Due to insufficient data related to second neoplasms (SN) in the 890 patients included, we could not include an analysis of secondary CNS tumours. We previously reported the incidence of SN in 58832 and 58881 EORTC CLG studies and found low incidence of SN and secondary CNS tumours, in particular in patients treated without CRT [22, 25]

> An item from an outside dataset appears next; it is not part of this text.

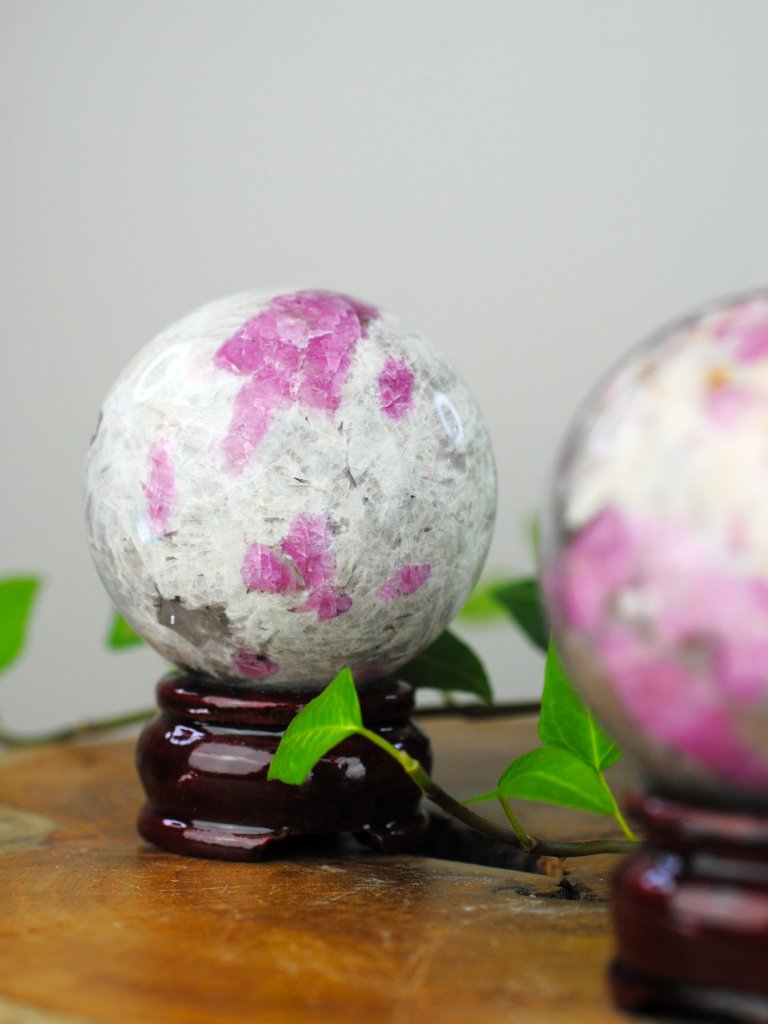 Vackra unika klot i rosa Turmalin. Kloten har varierande mönster och toner vilket gör varje sten helt unik. Mönsten kan variera i gråa, vita och rosa färger och inslag.

Other limitations include the retrospective design of the study, based on medical records and without systematically reassessment of the patients for the purpose of this study. Some late neurological events may therefore have been underreported. Among 2329 eligible patients, only 890 patients were included in the analysis and information about some endpoints was missing among patients included in the analysis. Although patients with and without available data were similar in terms of the risk group and exposure to most toxic treatments, such a large extent of missing data involves a significant risk of a selection bias. Finally, due to the study design, we were not able to investigate the effects of particular treatments.

This retrospective observational study highlights the frequency of neurological late effects in SCALL. With the increase of the overall survival of ALL patients in the past decades, late effect surveillance and their management became an important public health challenge. With this regard, our observation that neurotoxicity continues to occur beyond 5 years of follow-up is of particular importance for clinicians involved in late effects clinics. This is a further argument in favour of comprehensive, multidisciplinary long-term follow-up, not limited to the period when initial cancer is treated and most relapses occur.

The role and potential benefit of longitudinal neurological screening such as MRI and/or neuropsychological tests should be evaluated in SCALL, as neurological late effects continue to occur beyond 5 years after end of treatment.